EXERCISE REQUIREMENTS: Would you transcribe exactly the lines from the beginning of the records below through the line with "MetaLifeのサインイン", both included, omitting the pictures?

(SOURCE RECORDS Opens)

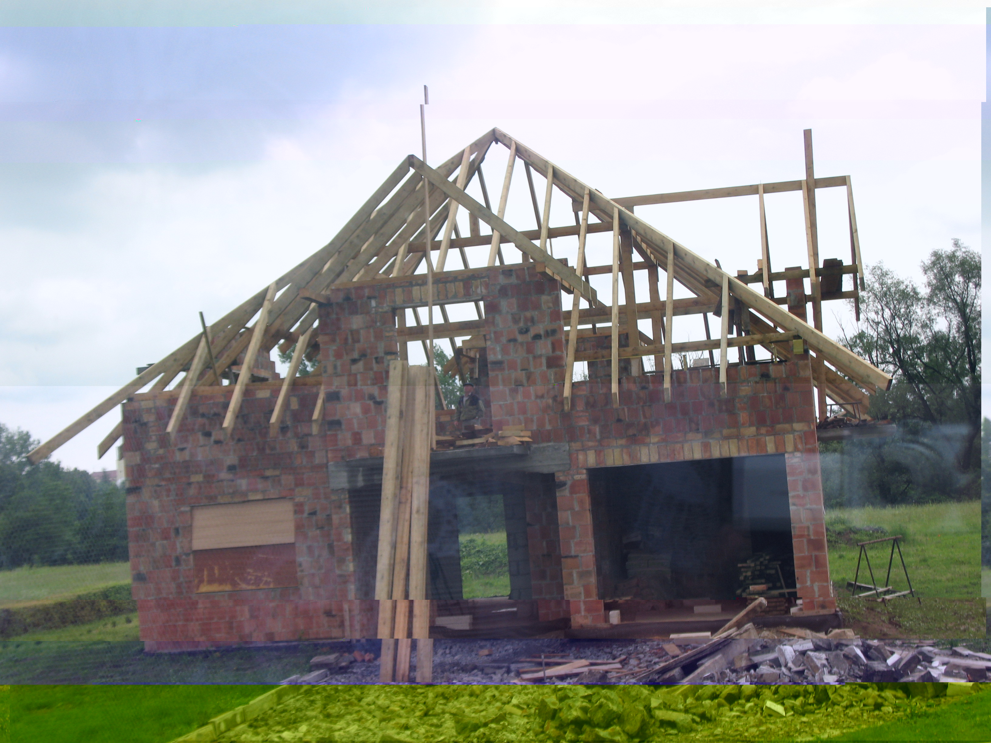 Na razie wrzucę tylko jedno zdjęcie. Oczywiście krokwie są jeszcze nie skończone. Wyszło nam 10m3 krokwi. I niecałe 3m3 łat i kontrłat. Będziemy kryli dachówką cementową i mamy wycenę zrobioną na 16tys.
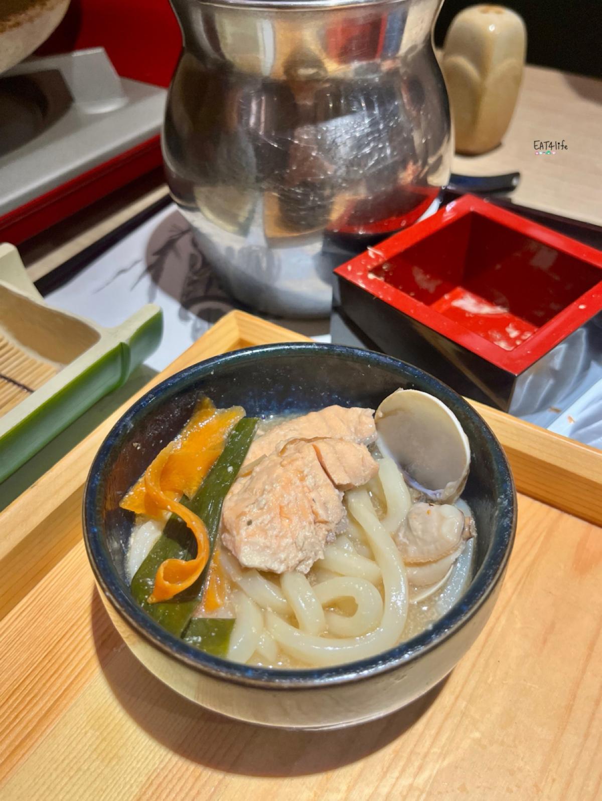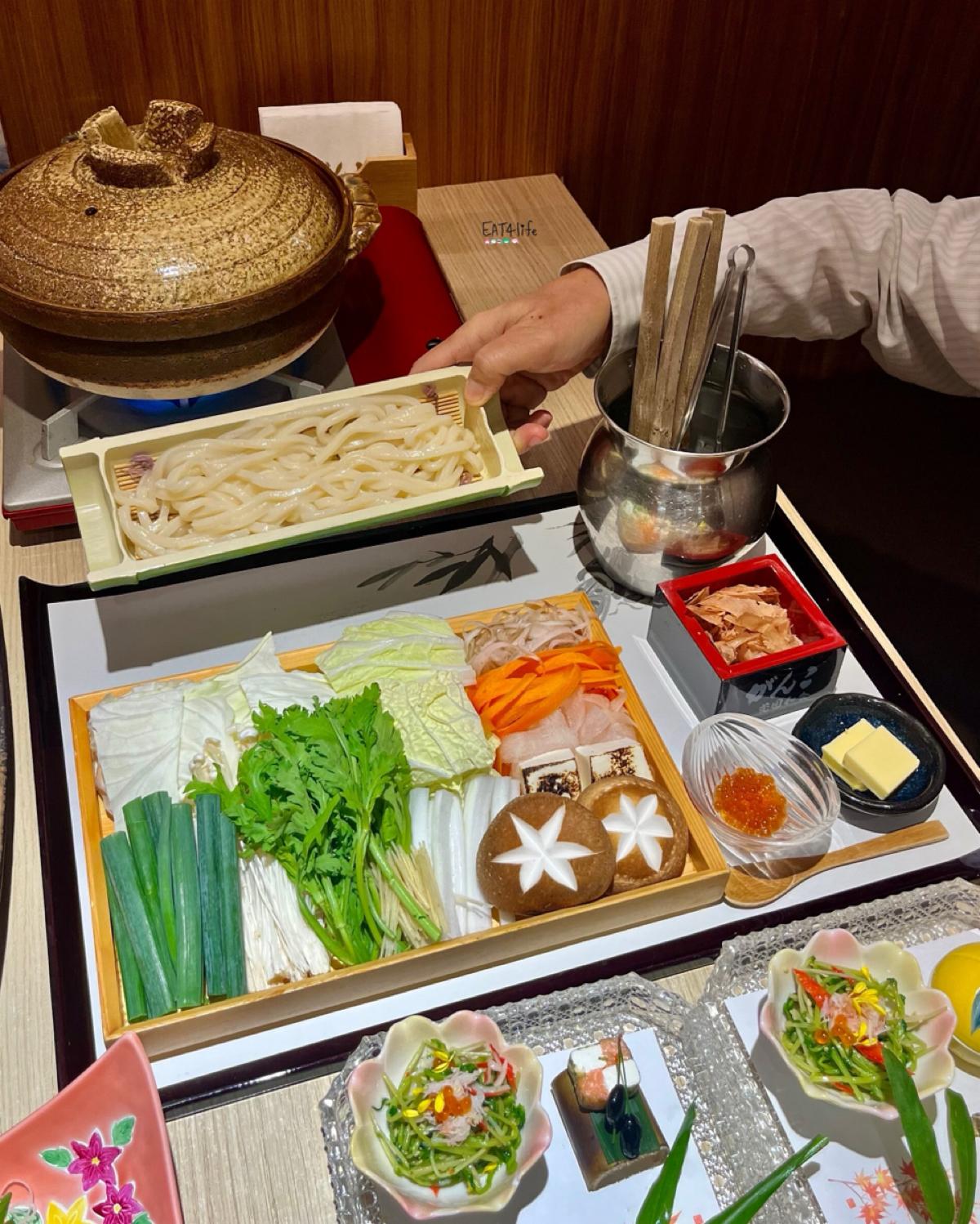 蔬菜盤有很多種類,有山茼蒿、高麗菜、山東白菜、金針菇、牛蒡、白蘿蔔絲、紅蘿蔔絲、香菇、蔥、煎過的豆腐,主食則是烏龍麵!可以搭配鮭魚卵一起享用~
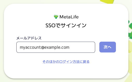 MetaLifeのサインインページを開き、SSOができるかどうかお試しください。
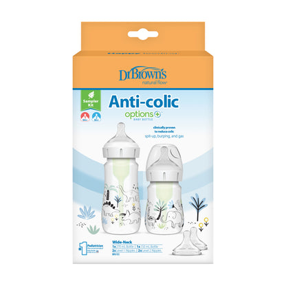 Dr. Brown’s Anti-colic Options+ Wide-Neck Baby Bottle Sampler Kit with Level 1 and 2 Nipples, Dinosaur and Jungle Designs, 0m+, BPA Free
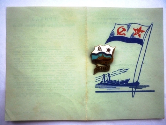 Размеры знака: с изображением надводного корабля: ширина - 77 мм,

(SOURCE RECORDS Closes)

ANSWER TO THIS TASK:
 Na razie wrzucę tylko jedno zdjęcie. Oczywiście krokwie są jeszcze nie skończone. Wyszło nam 10m3 krokwi. I niecałe 3m3 łat i kontrłat. Będziemy kryli dachówką cementową i mamy wycenę zrobioną na 16tys.
 蔬菜盤有很多種類,有山茼蒿、高麗菜、山東白菜、金針菇、牛蒡、白蘿蔔絲、紅蘿蔔絲、香菇、蔥、煎過的豆腐,主食則是烏龍麵!可以搭配鮭魚卵一起享用~
 MetaLifeのサインインページを開き、SSOができるかどうかお試しください。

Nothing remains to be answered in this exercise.